If I had a dollar for every adviser who has expressed an interest in buying another advisers business I’d be retired now. It seems to be the primary strategy for attaining scale and a viable business of one’s own, and there has been even greater interest since regulatory reform began in earnest. Buying another advisers practice is usually a much more complex matter today than 5 years ago though.
Many advisers however don’t approach the idea in a commercial fashion though. They often look at it as just picking up a few assets, or renewal income streams, to add to their existing book of business. So it is approached as a straightforward purchase of a contractual income stream only, and more often than not the entire deal is done on a rule of thumb (renewals multiple) valuation, supported by a handshake. That works well enough if you are just buying a relatively small portfolio of business and swinging it into your existing brand and business structure, however many of those opportunities are disappearing as more financial advice practices become increasingly sophisticated and complex commercial structures.

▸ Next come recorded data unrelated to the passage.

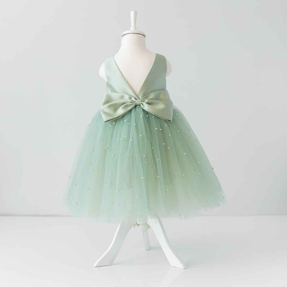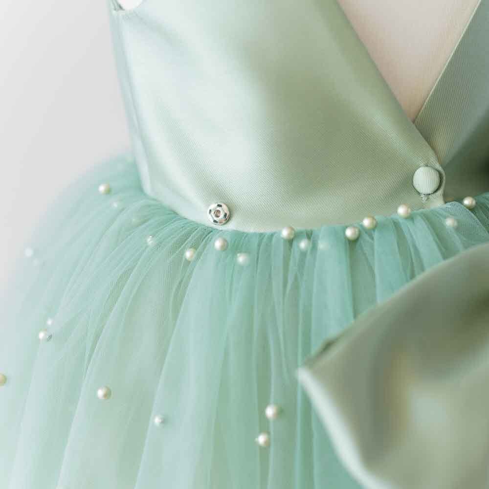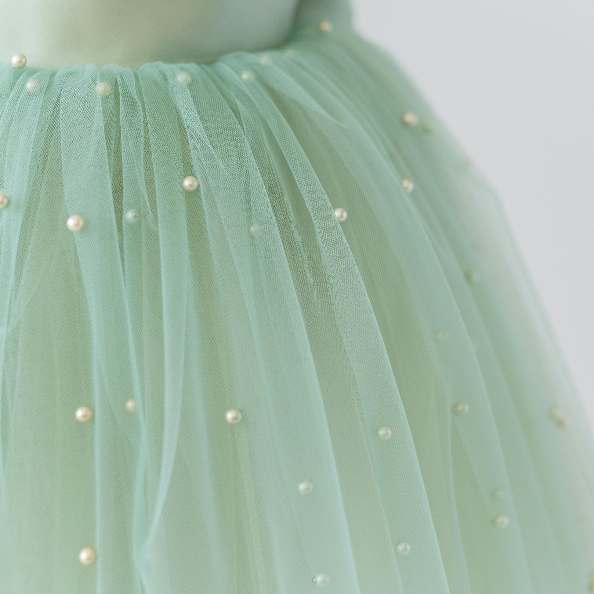 Bring a touch of natural elegance to your special day with this sage green tulle flower girl dress. Designed for weddings and celebrations, this dress features layers of soft, airy tulle in a dreamy sage hue, accented with delicate pearls across the bodice. The full skirt is perfect for twirling, while the gentle color complements rustic, boho, or garden-inspired themes.
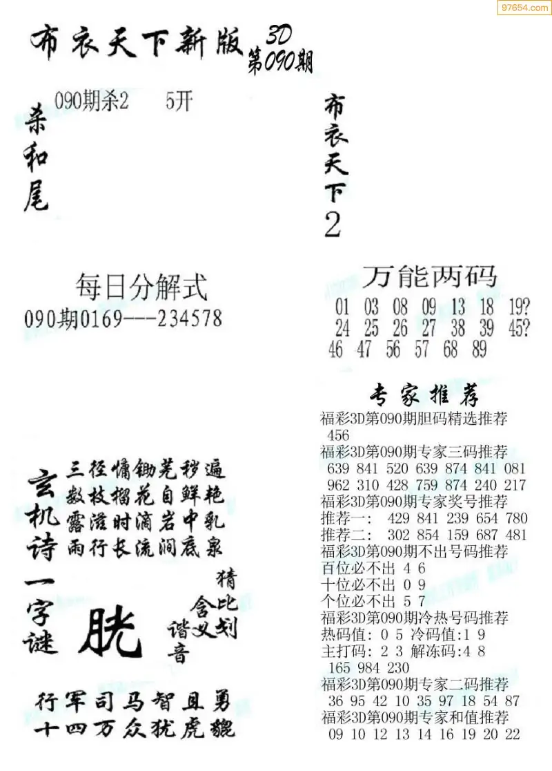 090期真版布衣神算专家推荐
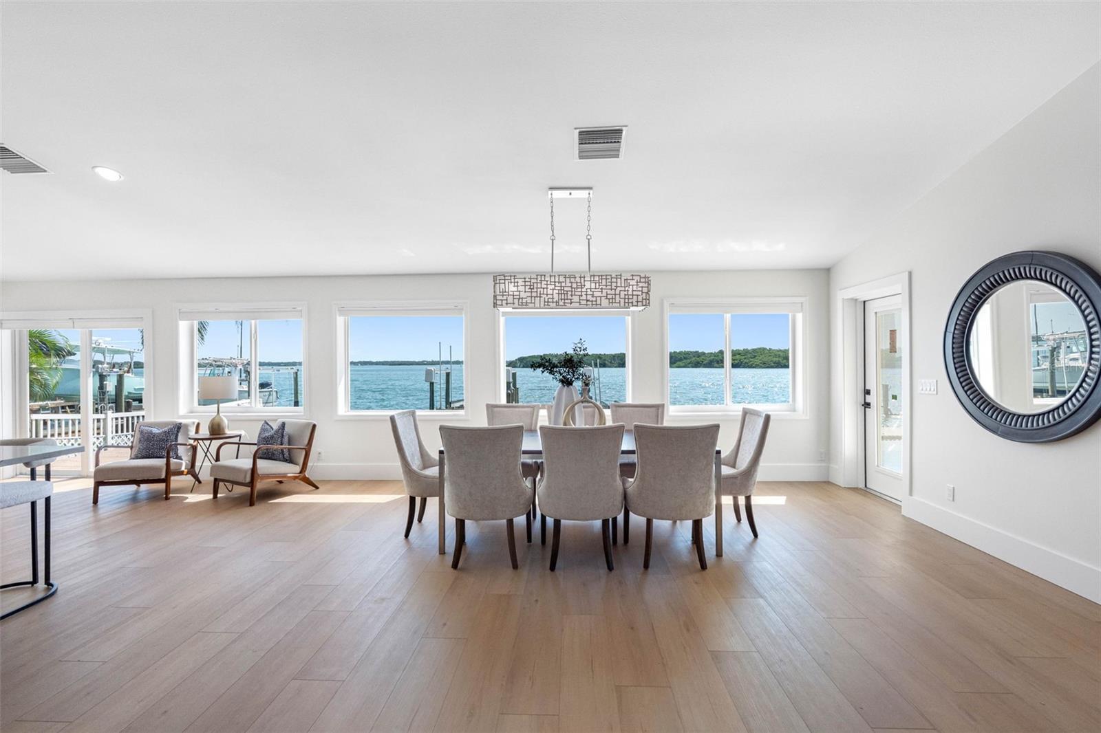 Imagine waking each morning to the shimmer of wide-open Intracoastal waters, sunlight pouring through hurricane-rated windows, and the scent of the salt air just steps from your door. A quick half-mile stroll or golf cart ride brings you to the sugar sands of the Gulf. This isn’t just a home—it’s the stage for a life beautifully lived. The moment your clients arrive, they’ll notice the thoughtful craftsmanship and effortless style. The lush, landscaped yard, nourished by a reclaimed water sprinkler system, frames a striking façade with multicolor lighted etched-glass double doors that light up. A brand-new roof (2025) crowns the home, and every detail has been reimagined: new LVP flooring, freshly painted interior walls, new baseboards, trim, and interior doors, plus pristine two-foot drywall replacement for a fresh, clean interior. Inside, the open living area flows toward the view, where water and sky become part of the décor. The gourmet kitchen is designed for both beauty and function—brand-new appliances, and a movable waterfall-edge coffee bar that invites morning conversation. A built-in wine bar with Eurocave fridge is ready for celebrations, while a Blair water system hookup for two tanks ensures the purest taste in every glass. The primary suite is a private retreat overlooking the resort-style saltwater pool and shimmering waterway. A spa-inspired en suite offers champagne gold fixtures, a rain head shower and handheld wand, a built-in vanity, and abundant storage. A mini-split keeps this sanctuary at the perfect temperature year-round. Bedroom two is oversized with a walk-in closet, while bedroom three features a hidden closet, ideal for valuables or a touch of whimsy. Step outside to your own paradise. The walk-in saltwater pool with tanning shelf has been acid washed, upgraded with a new pump and filter, and framed by pavers that have been reset and replaced. Remote-controlled blinds at the sliding glass doors open to reveal your private dock, equipped with two boat lifts—configurable for two jet skis and a boat or two boats—dock poles wrapped for longevity, and open-water views that make every sunset a showstopper! Behind the scenes, the home is as smart as it is beautiful: Ring doorbell, WiFi-enabled thermostat, oven, ceiling fan, and sprinkler system, plus updated electrical outlets, hose bibs on all four sides, a new heat pump (9/2024) with elevated installation, and an air handler neatly tucked into the garage attic. The garage itself is an organized dream with a coated floor, custom storage cabinets, a workbench, a water hookup for a refrigerator, and a WiFi-enabled opener. A tankless water heater provides endless hot water, while hurricane-rated doors and windows ensure peace of mind. This home isn’t just built for living—it’s built for loving. Morning coffee on the dock as dolphins glide by, afternoons spent floating in the pool or cruising the waterway, and evenings where the sun melts into the horizon and the world feels perfectly still. Every feature, every finish, every upgrade is a promise of ease, elegance, and joy. Here, every sunrise feels like a beginning, and every sunset feels like a celebration. This is where their next chapter begins. This is more than a home — it’s a lifestyle. Whether you're boating at sunset, lounging poolside, or strolling to the beach, every detail has been thoughtfully designed for ease, elegance, and unforgettable moments.
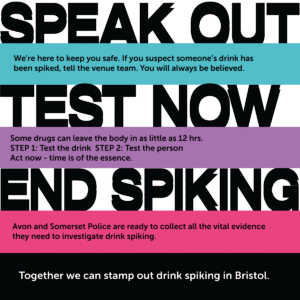 We’ve partnered up with the Bristol Nights, Avon and Somerset Police and Bristol City Council to raise awareness and tackle drink spiking across Bristol venues.
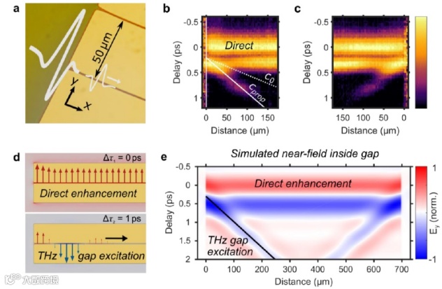 在此基础上,研究者们展示了单个领结天线内近场波形的时间分辨显微镜 (见图二,图三)。这是超高频设备、超材料和强场光与物质相互作用实验的组成部分。此外,还观察了太赫兹在亚波长间隙内的传播(见图四),从而在时域中引入了对受限结构内电场的超快采样。
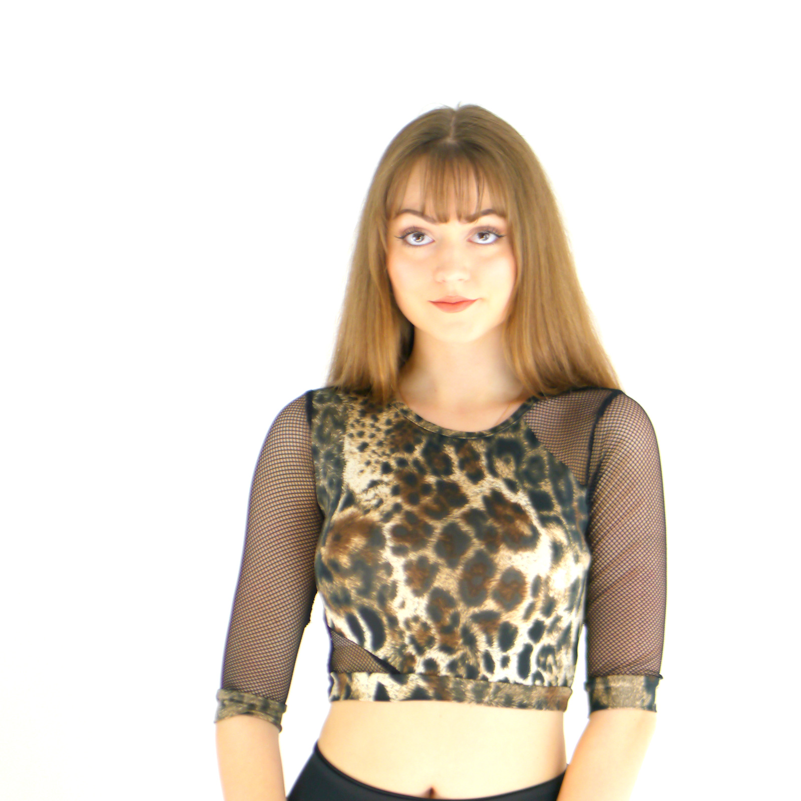 Das Oberteil Marli ist ein bauchfrei geschnittenes Oberteil aus einem Leopardenprintstoff. An den halblangen Armen und dem Cutout ist es kombiniert mit einem elastischem Netzstoff. Durch seinen dünnen, elastischen Stoff ist es perfekt für einen warmen Tag oder Salsa Abend.
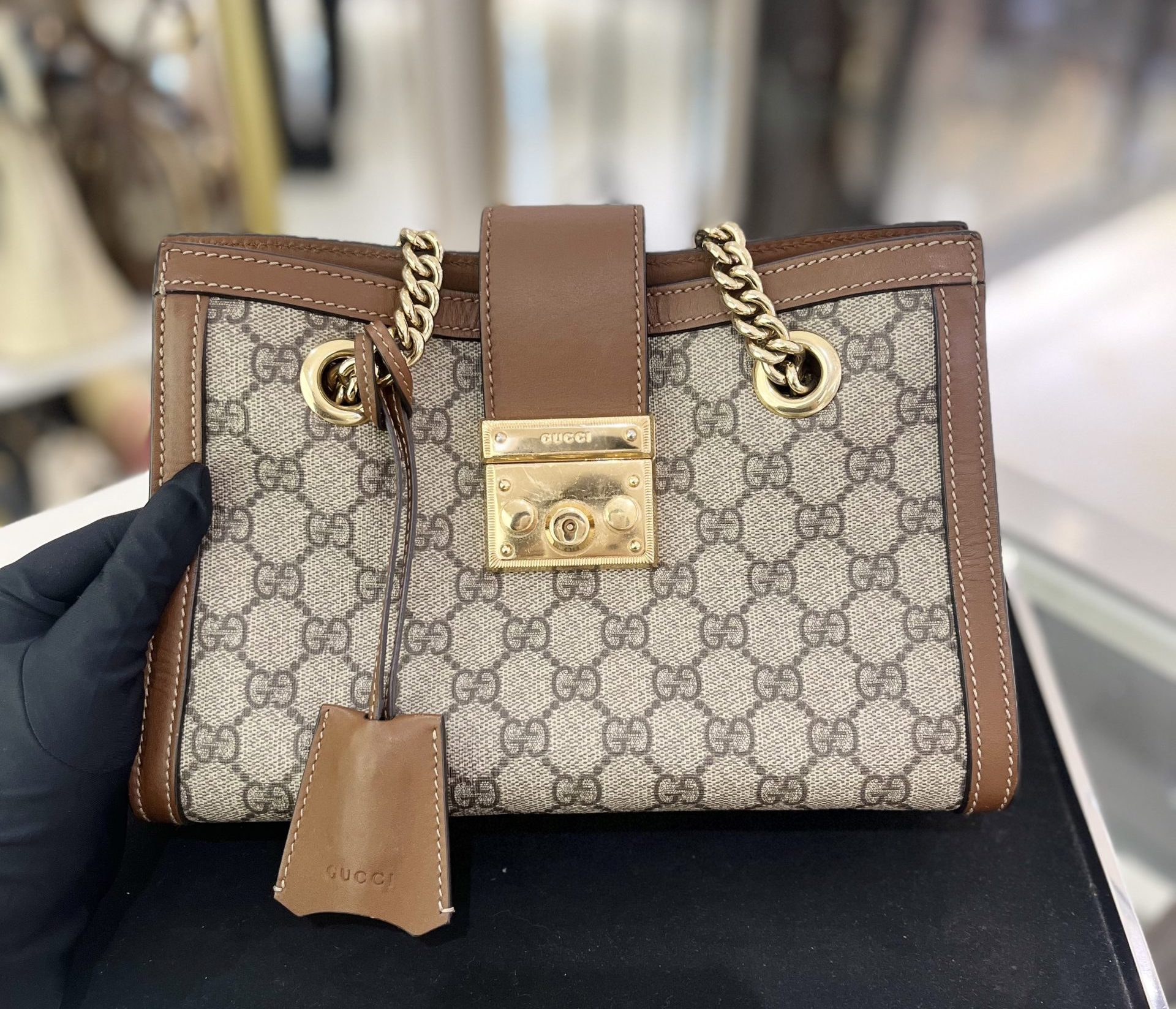 A structured shoulder bag in GG Supreme canvas with a strap that secures with a key lock closure pulled straight from the
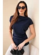 Dámska rebrovaná blúzka z viskózy s vodopádovým výstrihom a volánmi tmavomodrá
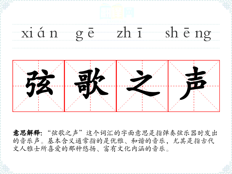 “弦歌之声”这个词汇的字面意思是指弹奏弦乐器时发出的音乐声。基本含义通常指的是优雅、和谐的音乐,尤其是指古代文人雅士所喜爱的那种悠扬、富有文化内涵的音乐。
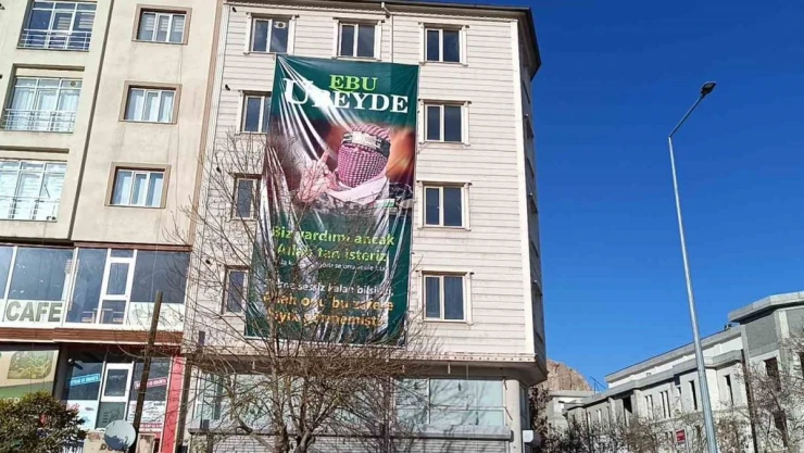 Van'da bir binaya Ebu Ubeyde'nin posteri asıldı
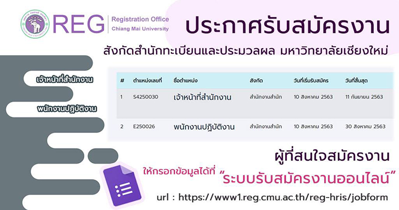 สำนักทะเบียนและประมวลผล มหาวิทยาลัยเชียงใหม่ รับสมัครบุคคลเพื่อคัดเลือกเข้าเป็นพนักงานมหาวิทยาลัย รวมจำนวน 2 อัตรา ดังนี้
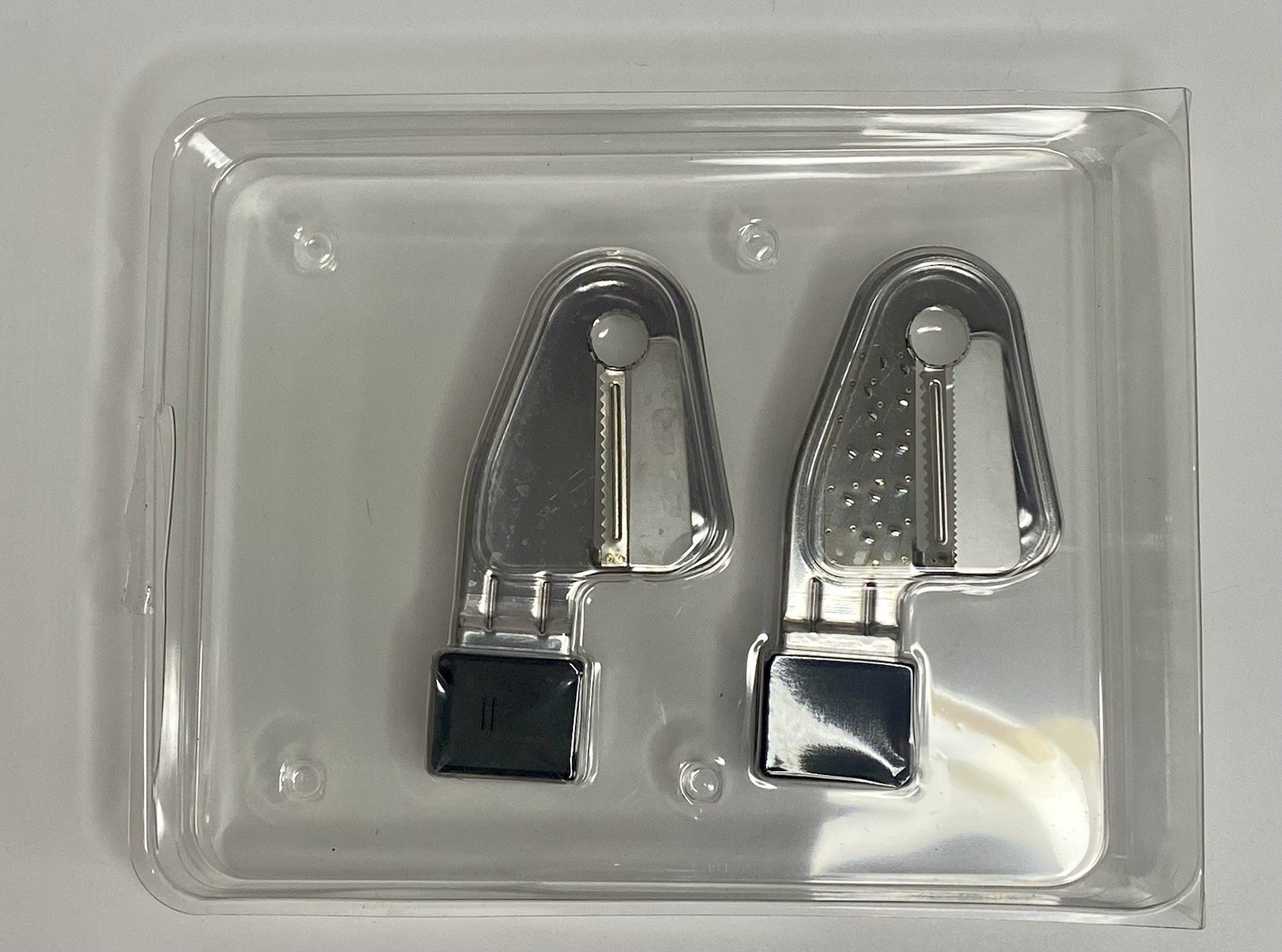 The KitchenAid KSMAPC1AP Thin Blade Set for Spiralizer includes 2 stainless steel blades designed specifically for the KitchenAid spiralizer. The blades are silver in color and compatible with vegetables and fruit. This set is an essential addition to your kitchen tools, making it easy to create spiralized vegetables and fruit for a variety of recipes. Open box. Box has some wear

It is becoming less common for a purchase of the income stream only, and far more common for an agency purchase to be a complete business sale which includes all the systems, people, intellectual property, assets…and potential residual liabilities. Lenders – whether it is bankers or industry institutions – are far more discerning than ever before in providing the necessary funding.
To give yourself the best chance of getting the funding and then successfully acquiring and integrating a purchase, you need to do at least the following before you are ready to buy another practice:
1. There must be a bigger plan. The “plan” is not just the agency purchase. There must be a strategic purpose which makes sense commercially.
2. Due Diligence. You must have realistically assessed the book, and the business, to determine what the real quality is, together with the financial performance of the business and any governance, management or contractual issues that might be lingering. Most importantly, you have to assess the quality of previously provided advice and understand what your exposure as the new owner may be.
3. A realistic skills assessment. Every adviser is a great business manager, right? Right? A realistic assessment of what skills and knowledge will be required to make this work, and what the plan is to address any skills or knowledge shortcomings needs to be done. “Pollyanna” thinking just doesn’t cut it anymore.
4. How are you going to integrate? Getting all the client data together so you have efficient communications; having a communication plan; ensuring all suppliers/institutions are onboard; working out what will happen with staffing, branding, systems….there is a lot to think through if a takeover is going to be successful. This is where The Plan does need to get quite detailed.
5. The structure of the deal. Rarely is it actually as simple as “I will hand over $x on a particular day” anymore. Allowing for successful integration and retention of clients and expecting both sides to accept some of the responsibility and risk in making that happen should be factored in. So too should specific responsibilities for prior advice and potential liabilities.
In addition, financiers will be interested in:
- whether professional (external) valuations have been sought
- financial modelling which is realistic having been done
- the degree of vendor flexibility and involvement in the transfer
Most purchases these days involve some serious money, and some serious risk. For the smart professional growing a great practice acquisition remains a good strategy – provided it is done thoughtfully and makes strategic sense.